Now that our model is trained & pickled! Time to test it out ;)

In [31]:
predictions = trained.predict(X_valid)

matthews_corrcoef(y_valid, predictions)

[Parallel(n_jobs=8)]: Using backend ThreadingBackend with 8 concurrent workers.
[Parallel(n_jobs=8)]: Done  25 tasks      | elapsed:    0.0s
[Parallel(n_jobs=8)]: Done 146 tasks      | elapsed:    0.0s
[Parallel(n_jobs=8)]: Done 300 out of 300 | elapsed:    0.2s finished


0.5226621598820339

Decent accuracy score at 52.2% :D

## 5. Applying model to test for submission! 

In [32]:
# Run model on challene's test set to get prediction results
test_predict = trained.predict(X_test)

# Create new dataframe in submission format
subm_df = pd.DataFrame({"row_id": np.arange(len(test_set)), \
                       "open_flag": test_predict})

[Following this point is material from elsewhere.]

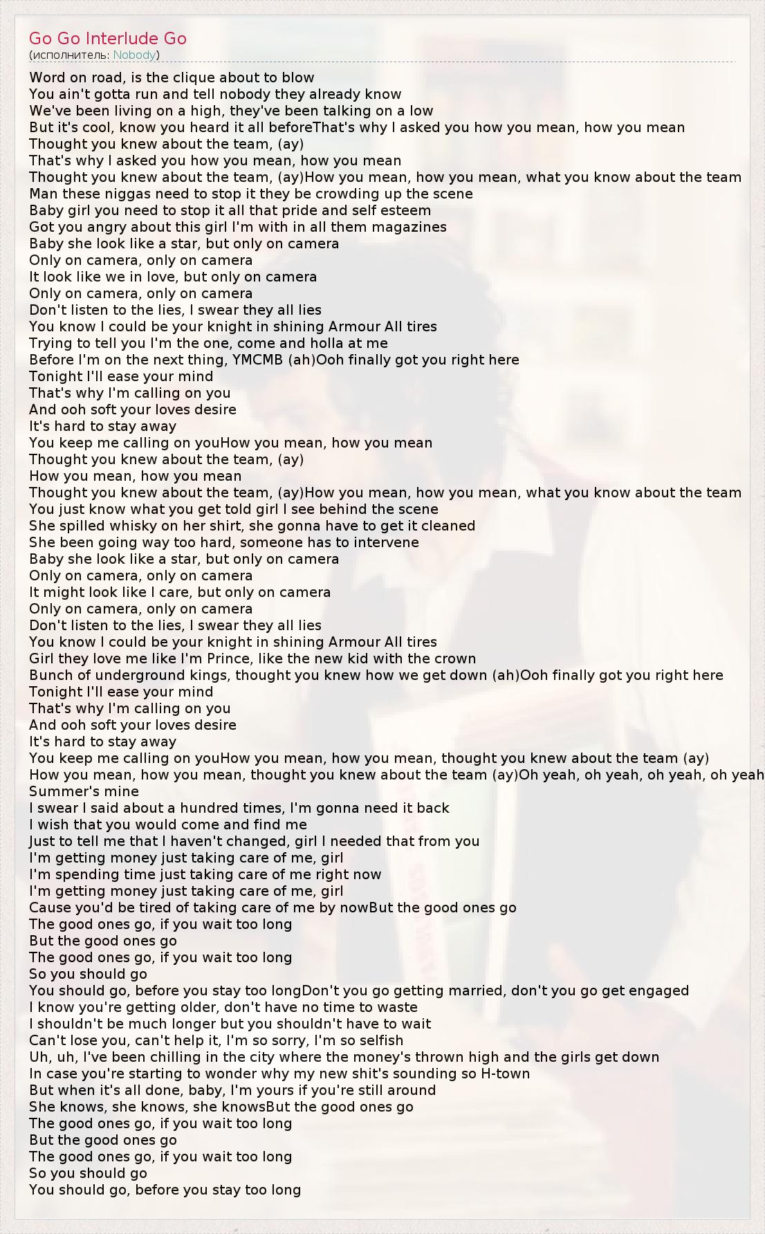 Word on road, is the clique about to blow You ain't gotta run and tell nobody they already know We've been living on a high, they've been talking on a low But it's cool, know you heard it all beforeThat's why I asked you how you mean, how you mean Thought you knew about the team, (ay) That's why I asked you how you mean, how you mean Thought you knew about the team, (ay)How you mean, how you mean, what you know about the team Man these niggas need to stop it they be crowding up the scene Baby girl you need to stop it all that pride and self esteem Got you angry about this girl I'm with in all them magazines Baby she look like a star, but only on camera Only on camera, only on camera It look like we in love, but only on camera Only on camera, only on camera Don't listen to the lies, I swear they all lies You know I could be your knight in shining Armour All tires Trying to tell you I'm the one, come and holla at me Before I'm on the next thing, YMCMB (ah)Ooh finally got you right here Tonight I'll ease your mind That's why I'm calling on you And ooh soft your loves desire It's hard to stay away You keep me calling on youHow you mean, how you mean Thought you knew about the team, (ay) How you mean, how you mean Thought you knew about the team, (ay)How you mean, how you mean, what you know about the team You just know what you get told girl I see behind the scene She spilled whisky on her shirt, she gonna have to get it cleaned She been going way too hard, someone has to intervene Baby she look like a star, but only on camera Only on camera, only on camera It might look like I care, but only on camera Only on camera, only on camera Don't listen to the lies, I swear they all lies You know I could be your knight in shining Armour All tires Girl they love me like I'm Prince, like the new kid with the crown Bunch of underground kings, thought you knew how we get down (ah)Ooh finally got you right here Tonight I'll ease your mind That's why I'm calling on you And ooh soft your loves desire It's hard to stay away You keep me calling on youHow you mean, how you mean, thought you knew about the team (ay) How you mean, how you mean, thought you knew about the team (ay)Oh yeah, oh yeah, oh yeah, oh yeah Summer's mine I swear I said about a hundred times, I'm gonna need it back I wish that you would come and find me Just to tell me that I haven't changed, girl I needed that from you I'm getting money just taking care of me, girl I'm spending time just taking care of me right now I'm getting money just taking care of me, girl Cause you'd be tired of taking care of me by nowBut the good ones go The good ones go, if you wait too long But the good ones go The good ones go, if you wait too long So you should go You should go, before you stay too longDon't you go getting married, don't you go get engaged I know you're getting older, don't have no time to waste I shouldn't be much longer but you shouldn't have to wait Can't lose you, can't help it, I'm so sorry, I'm so selfish Uh, uh, I've been chilling in the city where the money's thrown high and the girls get down In case you're starting to wonder why my new shit's sounding so H-town But when it's all done, baby, I'm yours if you're still around She knows, she knows, she knowsBut the good ones go The good ones go, if you wait too long But the good ones go The good ones go, if you wait too long So you should go You should go, before you stay too long

# Saving file for submission
subm_df.to_csv("submission.csv", index = False)

[Parallel(n_jobs=8)]: Using backend ThreadingBackend with 8 concurrent workers.
[Parallel(n_jobs=8)]: Done  25 tasks      | elapsed:    0.0s
[Parallel(n_jobs=8)]: Done 146 tasks      | elapsed:    0.1s
[Parallel(n_jobs=8)]: Done 300 out of 300 | elapsed:    0.4s finished


In [33]:
subm_df.head()

Unnamed: 0,row_id,open_flag
0,0,0
1,1,0
2,2,0
3,3,0
4,4,0


# Congratulations! We are done ;)

Reviewing the accuracy of our predictions, we are almost certain that the model can be even better with improved accuracy. It was great being able to learn about something new like this even though our scores are probably not fantastic this time round.